Guidance and concierge models — Cleo's included — activate once there's something to manage: a diagnosis, a hospitalization, a crisis already underway. They're built to respond. What they're not structured to do is get an independent parent set up before the acute moment, so the first bad day doesn't start from a blank page.

That's a second axis where Averyn differs: Averyn Ready builds the readiness layer proactively — a curated packet, wallet card, EMS-ready fridge magnet, and the Record Vault behind them — so coordination during an event is faster because the infrastructure already exists. For the sandwich-generation employee whose parent “is independent and doesn't need anything yet,” that pre-crisis head start is often the highest-leverage thing a benefit can fund.

What Cleo is built for

Cleo is a sponsor-funded, global family-care platform with broad lifecycle breadth — parenting, family planning and pregnancy, children and teens, adult caregiving, and self-care — delivered through a matched Guide plus specialist escalations, with structured care-planning artifacts (a family-health score, support plans) and a health-plan / Medicare Advantage channel alongside direct employer sales. It's a workforce-wide model built for broad, multi-country deployment.

Where Cleo is the strongest fit

Cleo is the stronger answer when your decision matches this pattern:

  • You're a multinational employer needing consistent family-care coverage across many countries.
  • You're a health plan or Medicare Advantage plan looking for member-experience uplift with plan-quality positioning.
  • Your benefits architecture leads with parenting and family planning as the entry point and treats eldercare as one lane among many.
  • A measurable family-health score and structured support-plan artifacts fit your reporting model.

If your need matches that shape, Cleo is a reasonable fit to evaluate and Averyn isn't the structural alternative for the same buyer profile.

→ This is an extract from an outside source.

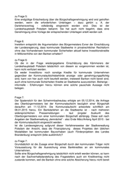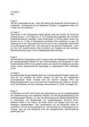 Landtag Brandenburg Drucksache 6/1306 6. Wahlperiode Antwort der Landesregierung auf die Kleine Anfrage 469 des Abgeordneten Steeven Bretz der CDU-Fraktion Drucksache 6/1026 Badneubau Am Brauhausberg in Potsdam Wortlaut der Kleinen Anfrage 469 vom 02.04.2015: Die Finanzierung des Schwimmbadneubaus am Brauhausberg ist weiterhin offen. Hinzu kommen widersprüchliche Aussagen des Oberbürgermeisters und des Stadtwerke-Chefs in der Presse. Während der Oberbürgermeister im Hauptausschuss der Stadtverordnetenversammlung vor wenigen Tagen eingeräumt haben soll, dass die Bürgschaft als Voraussetzung für die Kreditfinanzierung des Badneubaus benötigt werde, erklärt der Stadtwerke-Chef aktuell, die Bürgschaft werde lediglich zur Verbesserung der Zinskonditionen des Kredits gebraucht. Die Bürgschaft soll laut Medienberichterstattung auch nach dem Beschluss des Doppelhaushaltes der Landeshauptstadt Potsdam Ende Januar 2015 noch immer nicht zur Genehmigung an das Land weitergereicht worden sein. Ich frage daher die Landesregierung: 1. Welche Korrespondenz (mündlich/schriftlich) mit welchem Ergebnis gab es zwischen der Landesregierung und der Landeshauptstadt Potsdam seit dem 08.01.2015 (Schreiben der Landesregierung an die Landeshauptstadt Potsdam) bis heute? 2. Liegt der Landesregierung inzwischen ein Antrag auf Genehmigung der Bürgschaftsübernahme in Höhe von 36 Mio. Euro (Schwimmbad) plus 22 Mio. Euro (Infrastruktur) vor? 3. Hält die Landesregierung die - durch die Stellung der Bürgschaft (Schwimmbad) zu erwartende - Zinsersparnis für die Stadtwerke Potsdam in angegebener Höhe von 1,3 Mio. Euro für realistisch? 4. Wie beurteilt die Landesregierung den Umstand, dass den Stadtwerken Potsdam von der Landeshauptstadt Potsdam für den Schwimmbadbau eine Bürgschaft in voller Investitionshöhe (36 Mio. Euro) gestellt werden soll, obwohl die Stadtwerke wie jeder andere private Darlehensnehmer Eigenkapital in angemessener Höhe aufbringen muss?

How both can coexist in one stack

For a large enterprise, running both is rationally defensible:

  • Cleo as the workforce-wide family-care platform — matched Guides, lifecycle coverage across parenting and eldercare, sponsor-outcome reporting, and (where applicable) plan-quality positioning across the full employee population.
  • Averyn voluntary listing as the HCE / partner cohort offer — reaching the senior cohort whose retention math justifies a depth-of-execution offer at zero employer cost, with the privacy and discretion that cohort actually needs.

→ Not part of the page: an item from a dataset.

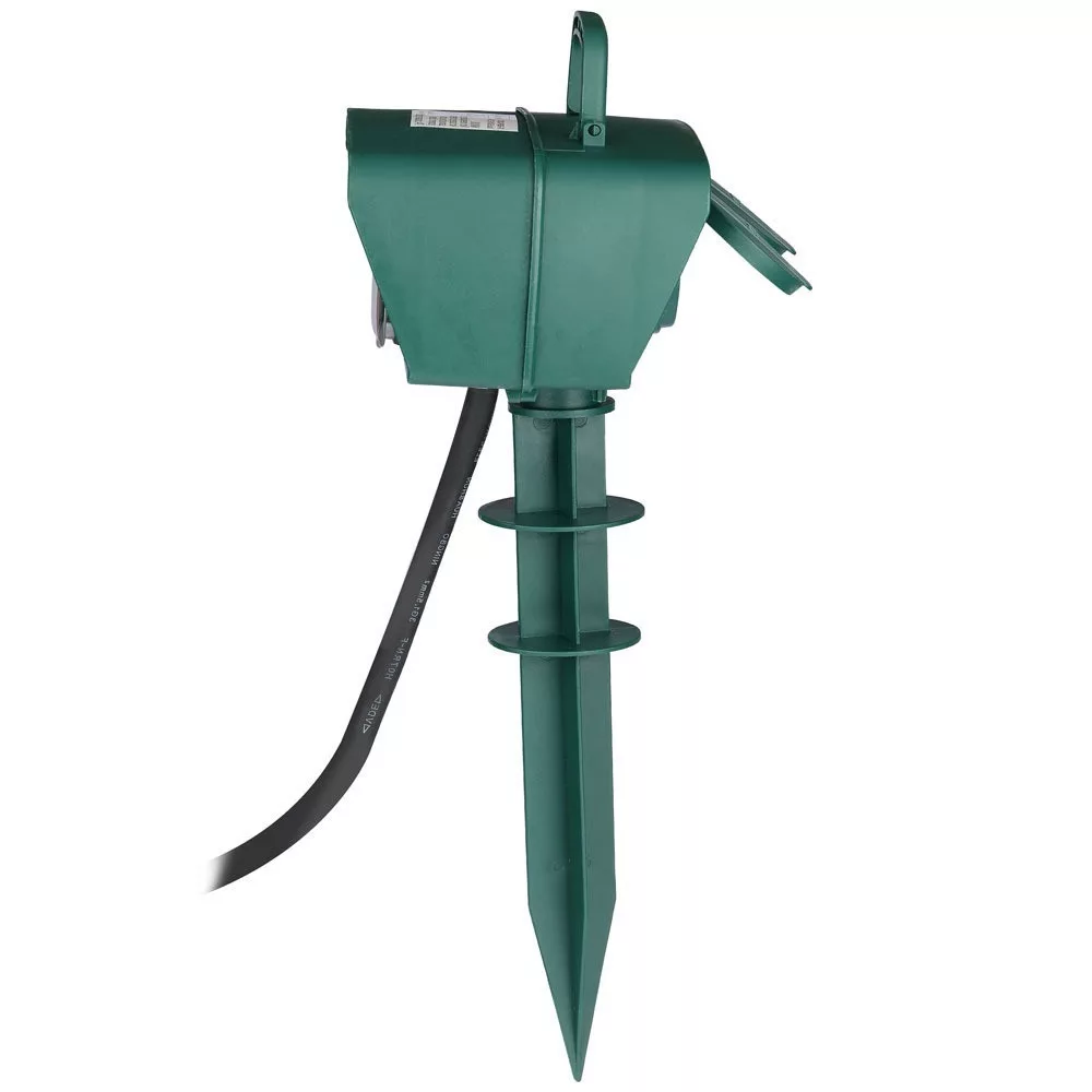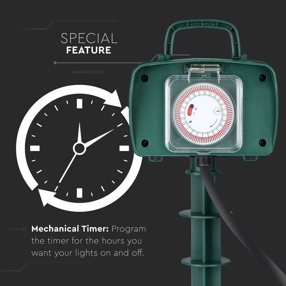 Leszúrható kerti elosztó 2 aljzattal, zöld, IP44, V-TAC, 8811

Benefits stacks routinely include both a broad sponsor-funded category benefit and a specialty offer positioned for a senior cohort (executive coaching alongside L&D, concierge medical alongside the medical plan, financial advisory alongside the 401(k)). Caregiving is following the same pattern.

What this honest comparison won't tell you

This article deliberately doesn't disclose specific employer-channel negotiated rates (Cleo's sponsor pricing isn't public; Averyn's employer-channel pricing is covered in a direct conversation). It doesn't relitigate broader caregiver-benefit category data — the buyer's guide covers that. It doesn't speculate about Cleo's roadmap beyond what's been publicly stated.

What it tries to do is give a benefits committee enough framing to decide cleanly: Cleo, Averyn, or some combination. If your honest read is that Cleo is the better fit, that is a defensible procurement decision.